Até pensei: "Puxa vida! Agora vou ter que esperar a menstruação para confirmar a gravidez!". E assim foi. No início de março, minha menstruação já estava atrasada, mas meu obstetra estava de férias. Como eu iria conseguir uma solicitação para fazer o Beta-HCG? Nunca fiz os testes de farmácia, sempre fiz direto o exame de sangue. Como trabalho em uma universidade, a PUC/RS, fui até o Hospital São Lucas e procurei por um obstetra que me desse uma requisição para fazer o exame.

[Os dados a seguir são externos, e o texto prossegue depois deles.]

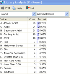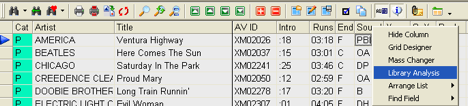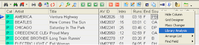 Trying to find out the percentage of “pop” coded songs in your active library or a specific category, or maybe the number of “slow” coded songs? Here’s a quick way to view that (and print it, if desired)Bring up your category or query of songs in library maintenance and select the field you want to get more details about. In the example below, we’ve chosen the sound code. Right click over the grey field header and from the menu that pops up chose LIBRARY ANALYSIS.

À tarde, quando fui buscar o resultado, eu pensei: "Não, não devo estar grávida. Não POSSO estar grávida". Eu recém havia começado em meu emprego novo no final de novembro, ficar grávida neste momento era a última coisa que passava em minha cabeça. Pouco tempo antes havia almoçado com meu chefe e dito a ele que uma nova gravidez não estava em meus planos tão cedo. Aparecer grávida agora seria extremamente contraditório!
Quando cheguei no laboratório, o resultado ainda não fora impresso. Fiquei olhando a impressora funcionar, enquanto o papel era impresso. Antes que a moça o retirasse dela, eu já havia lido o resultado: a contagem dera acima de 1.400 - para não estar grávida, teria que ser abaixo de cinco. Eu não estava ligeiramente grávida, estava COMPLETAMENTE grávida. E atordoada. Não sabia como iria contar a meu marido desta gravidez inesperada - mas não menos desejada. E como contar a meus pais, já sexagenários, e que cuidavam de meu primogênito, Gabriel Thomas, que estava com 1 ano e 6 meses na época.
Desta vez, eu iria fazer de tudo para convencer meu marido para que o parto de nosso bebê fosse domiciliar. Apesar de ter tido um parto satisfatório da primeira vez, não gostei do ambiente hospitalar e não queria repetir essa experiência novamente. Mais ainda: após o nascimento do Gabriel, eu havia baixado meu plano da Unimed, que desta vez só cobria exames e consultas, estando um parto fora de cobertura. Só me restavam duas opções nada atraentes: SUS ou particular. Já que era para pagar, preferia pagar para ter meu bebê em casa, longe do hospital, se tudo corresse bem.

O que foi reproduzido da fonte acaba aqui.